Your objective >>
The listing is to be returned word for word, without its images.

Information supplied >>

= = = =

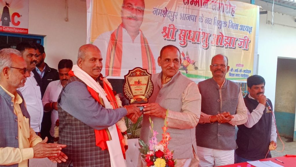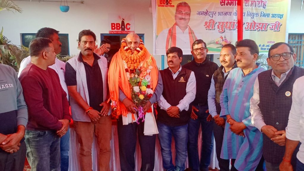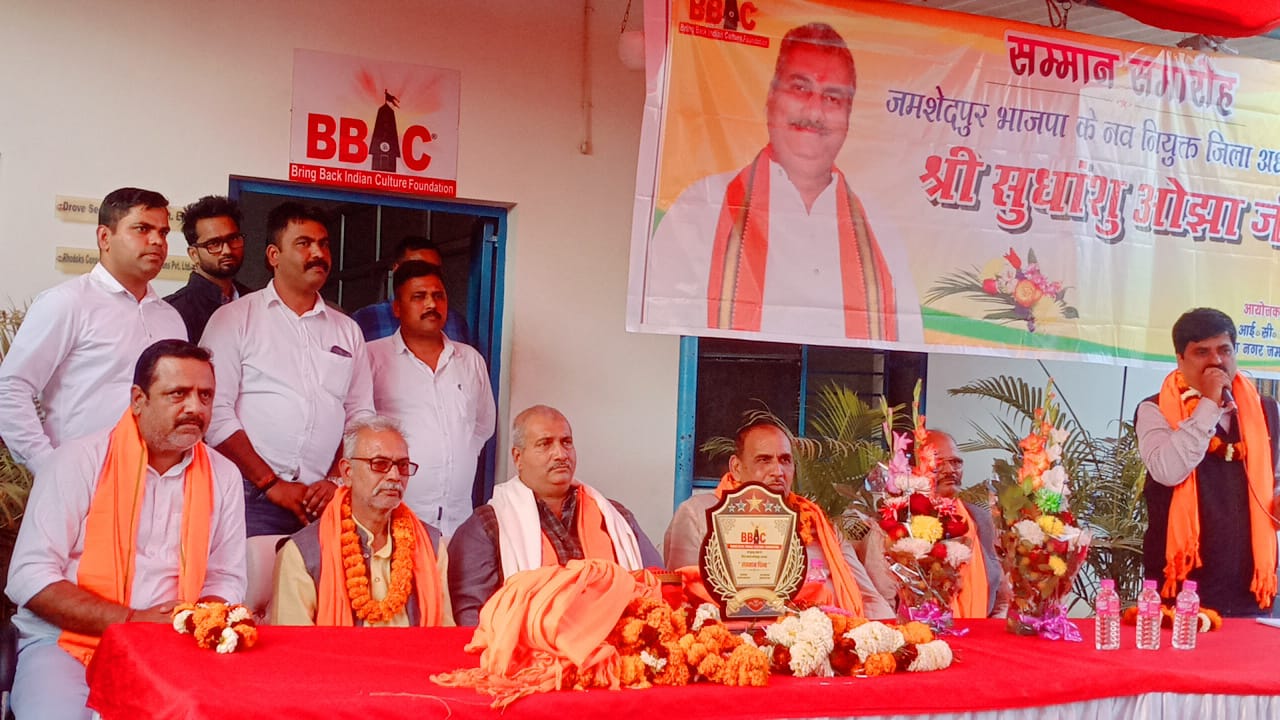 जमशेदपुर : ब्रिंग बैक इंडियन कल्चर फाउंडेशन जो भारत के पुराने सभ्यता को संरक्षित करने और 100 वर्षो से पुराने मंदिरों के जीवनोधार और संरक्षण को लेकर देशभर में काम करती है उसके द्वारा आज बिरसानगर के स्थित संगठन के स्थानीय कार्यालय में भाजपा जमशेदपुर महानगर के नवनियुक्त महानगर जिला अध्यक्ष सुधांशु ओझा का सम्मान समारोह आयोजित किया गया। कार्यक्रम में अतिथि के रूप में पूर्व सैनिक सेवा परिषद जमशेदपुर महानगर की टीम पूर्व भाजपा एवं युवा मोर्चा के मंडल अध्यक्ष सहित कई गणमान्य लोग मौजूद थे।
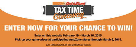 The AutoZone Tax Time Giveaway Instant Win Game is giving you a chance to win 16 Grand Prizes valued at a total of $4,000 each and 4,000 $10 AutoZone Gift Cards! All entrants receive a $5 coupon just for playing! Each of the Grand Prize winners will receive a $2,500 check, plus a $1,500 check to defray their 2015 tax liability.
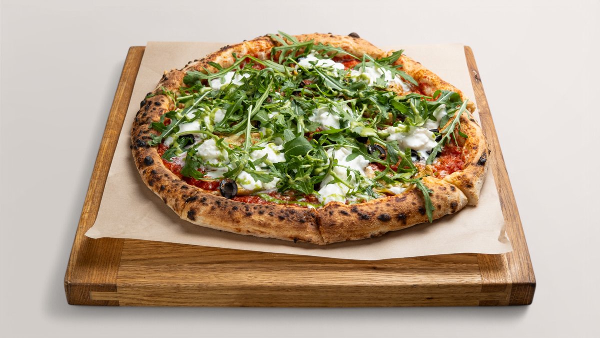 Pomidorų padažas, artišokai, kalamata alyvuogės, kedrinės pinijos, burrata sūris, parmezanas, bazilikų pesto, rukola
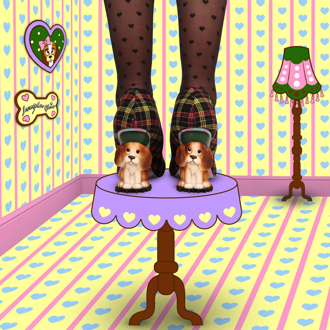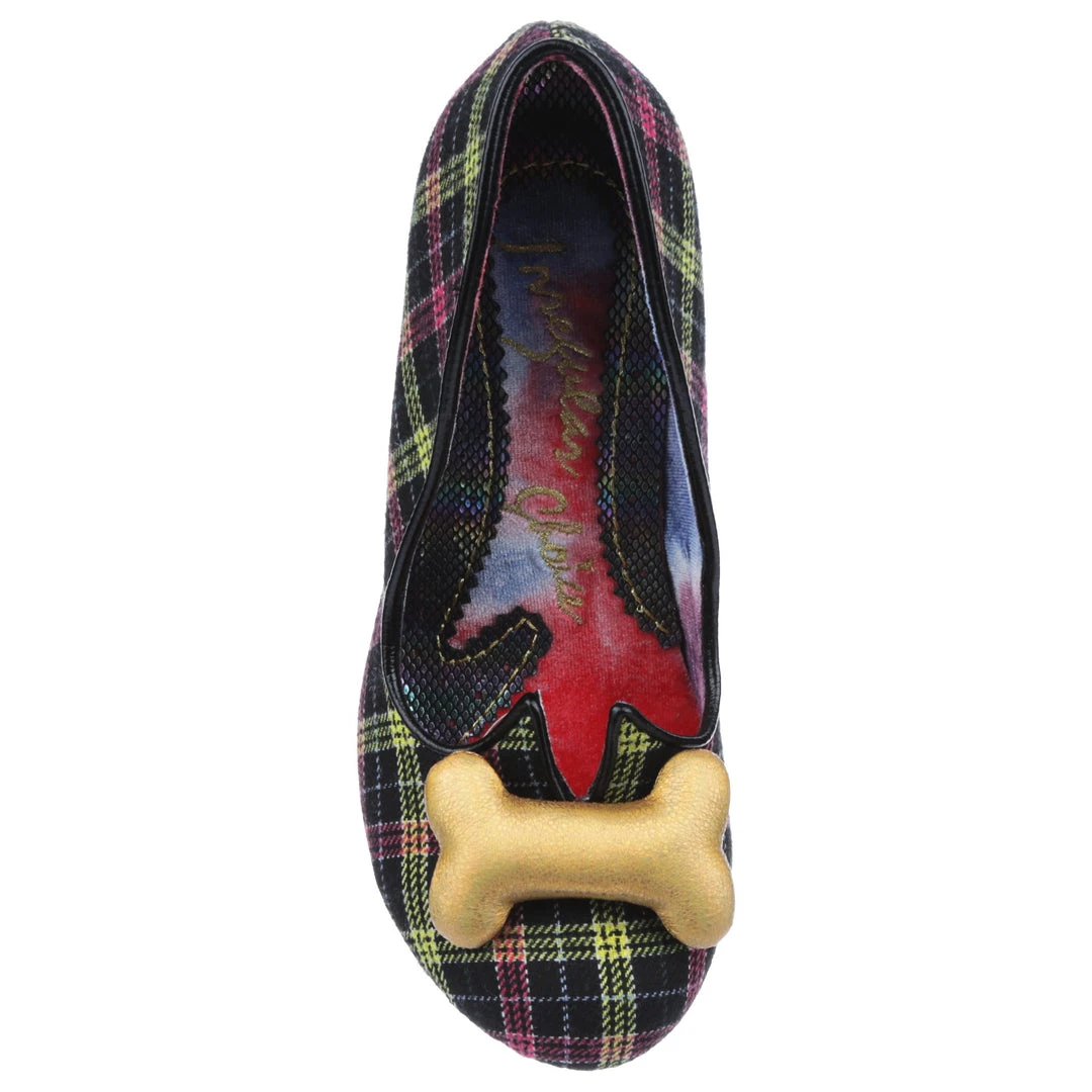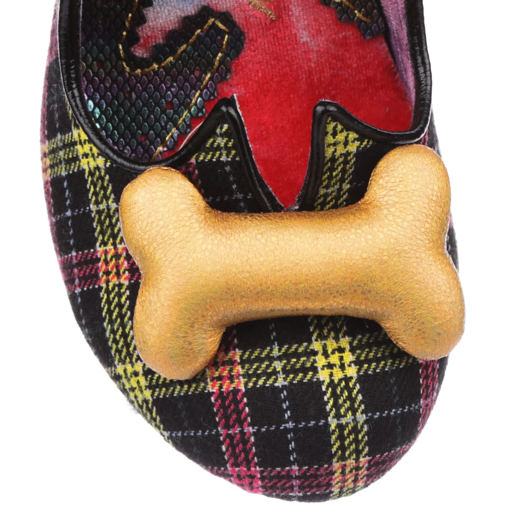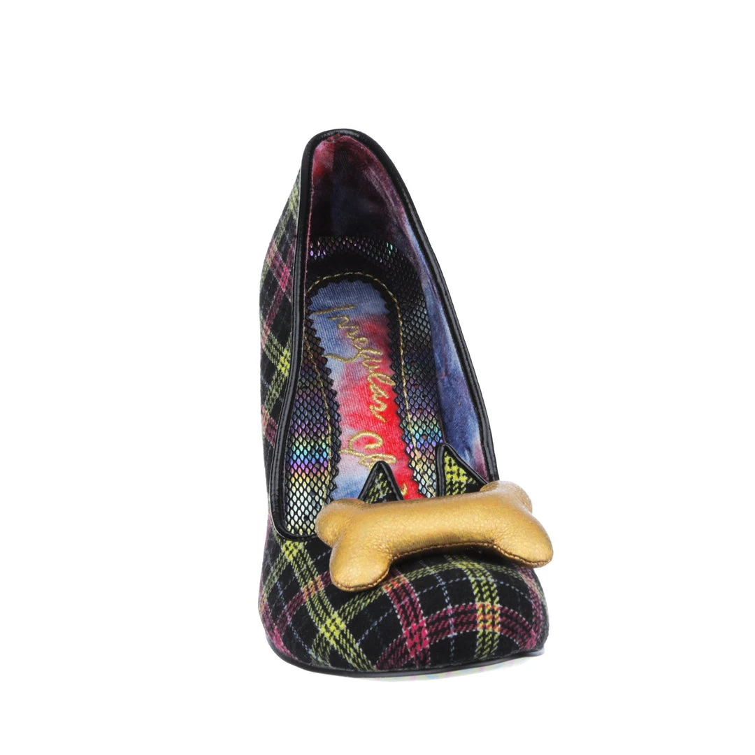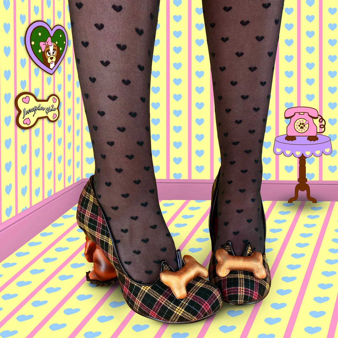 Feel like a dog with a bone in these statement court shoes! Featuring an adorable character heel shaped like a cute dog, these black, red and yellow plaid pretties are sure to make you smile! A classic IC upper shape, topped off with a plush gold bone on the toe – these shoes are sure to cause a stir at the dog park! Take them for walkies today!

= = = =

Exercise result >>
 जमशेदपुर : ब्रिंग बैक इंडियन कल्चर फाउंडेशन जो भारत के पुराने सभ्यता को संरक्षित करने और 100 वर्षो से पुराने मंदिरों के जीवनोधार और संरक्षण को लेकर देशभर में काम करती है उसके द्वारा आज बिरसानगर के स्थित संगठन के स्थानीय कार्यालय में भाजपा जमशेदपुर महानगर के नवनियुक्त महानगर जिला अध्यक्ष सुधांशु ओझा का सम्मान समारोह आयोजित किया गया। कार्यक्रम में अतिथि के रूप में पूर्व सैनिक सेवा परिषद जमशेदपुर महानगर की टीम पूर्व भाजपा एवं युवा मोर्चा के मंडल अध्यक्ष सहित कई गणमान्य लोग मौजूद थे।
 The AutoZone Tax Time Giveaway Instant Win Game is giving you a chance to win 16 Grand Prizes valued at a total of $4,000 each and 4,000 $10 AutoZone Gift Cards! All entrants receive a $5 coupon just for playing! Each of the Grand Prize winners will receive a $2,500 check, plus a $1,500 check to defray their 2015 tax liability.
 Pomidorų padažas, artišokai, kalamata alyvuogės, kedrinės pinijos, burrata sūris, parmezanas, bazilikų pesto, rukola
 Feel like a dog with a bone in these statement court shoes! Featuring an adorable character heel shaped like a cute dog, these black, red and yellow plaid pretties are sure to make you smile! A classic IC upper shape, topped off with a plush gold bone on the toe – these shoes are sure to cause a stir at the dog park! Take them for walkies today!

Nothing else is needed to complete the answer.